# Playing Music from Android Phone Through USB



## MikeW (Nov 29, 2010)

The only way I have been able to play music from my Android phone through the stereo was to use a patch cable from the headphone jack to the 1/8 input and use the "Aux" input. No control of the phone through the radio interface.


----------



## scarletwhite (Aug 27, 2011)

So does the Cruze not have the ability to stream audio via Bluetooth? I have a Blackberry on its last leg so I have not even tried, but my friend's Camaro syncs wirelessly with his iPhone and he can play his music that way. He kept telling me mine should work the same way (but we could not find it in the owner's manual) when I upgrade my phone in a month. This is a little disappointing.


----------



## MH86 (Oct 2, 2011)

MikeW said:


> The only way I have been able to play music from my Android phone through the stereo was to use a patch cable from the headphone jack to the 1/8 input and use the "Aux" input. No control of the phone through the radio interface.


I just don't understand how I got my phone to play music through the radio interface that one time.

Has anyone successfully got their Android to play music through the USB?

Thanks for the answers so far.


----------



## LennonVC (Oct 2, 2011)

I play music through the USB with my android phone (Nexus S 4G) and my 2012 Cruze LS with connectivity kit.

I have all my music saved as DRM free MP3's in a folder called "music" in the main directory.

When I plug it in I get the popup menu to "Turn on USB Storage" from the menu bar. I hit "Turn on USB Storage" and then hit "OK".

It takes a few seconds for the car to index all the music. Then I hit "CD/AUX" on my receiver till I get to "Nexus S".

I use the menu button to to search for an album and it play my music without a hitch.


----------



## MH86 (Oct 2, 2011)

*I figured it out!!*

I really hate to be answering my own question. But I figured out the problem: For some reason, it takes the car much longer to index the music from my phone than it does from the iPod Touch. After plugging in the phone, I had to press "Done" after the stereo displayed "Device Not Supported." Then, once the car started reading through my phone (the point where you can no longer access apps that are stored on the SD Card), it suddenly displayed "USB Device - LG Vortex."

So bottom line, it CAN play music stored on Android phones (at least the LG Vortex), it just takes a few minutes to index each time.
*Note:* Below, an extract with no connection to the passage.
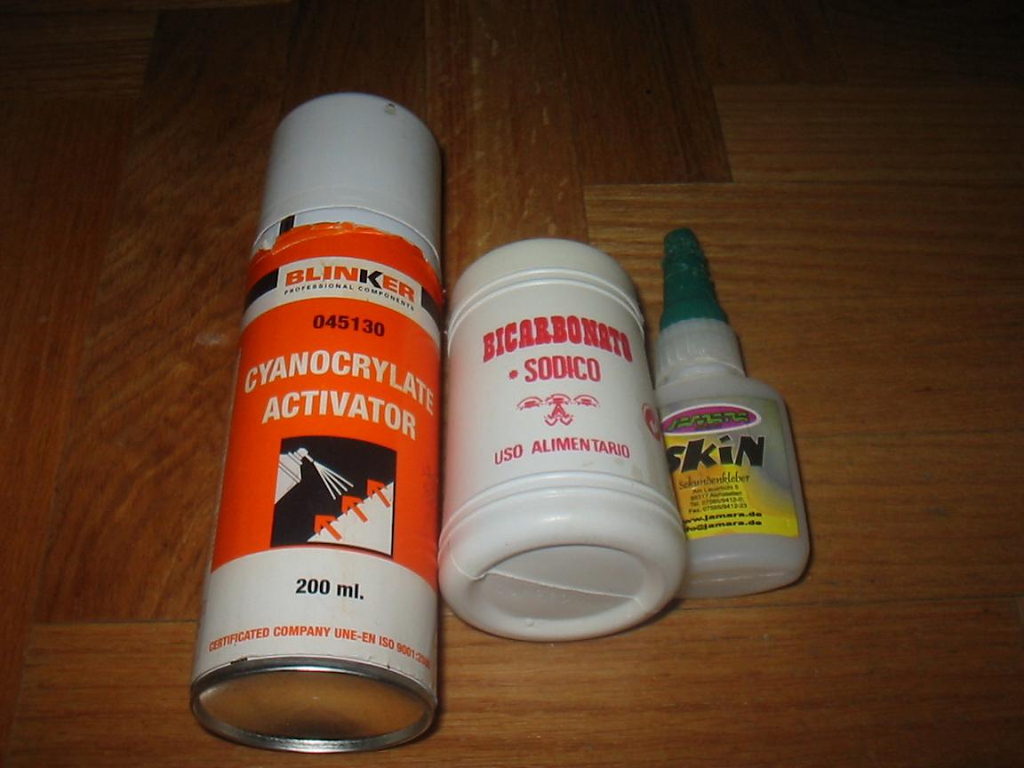 con el ciano y el bicarbonato se seca en 3 segundos . el ala de la foto heran dos trozos y nira como nueva el activador de bote hace lo mismo pero vale 13 euros

Again, thanks to everyone that answered me; I hope to find out more about the Cruze through this forum, and possibly help a few people with their questions.


----------



## SeanM402 (Aug 8, 2011)

I have an iPhone so I can't speak for Android but I know I had a hard time getting my iPhone to connect to the car using the USB option. If I could get it to connect I was lucky if it lasted more than a minute. Finally after messing around with it for awhile I decided to try a new cable even though the current one was less than a year old and had no visible damage. My iPhone has been working flawlessly ever since.


----------



## scaredpoet (Nov 29, 2010)

By chance, did you add something like an app on the phone between the time you could play stuff, and the time it started to give you trouble? Chances are the car stereo might be seeing something on the phone that's causing it initially to fail, before it ends up re-indexing the content.

But in the end, you're getting music on your phone to the sound system after all, so that's the important thing.


----------



## MH86 (Oct 2, 2011)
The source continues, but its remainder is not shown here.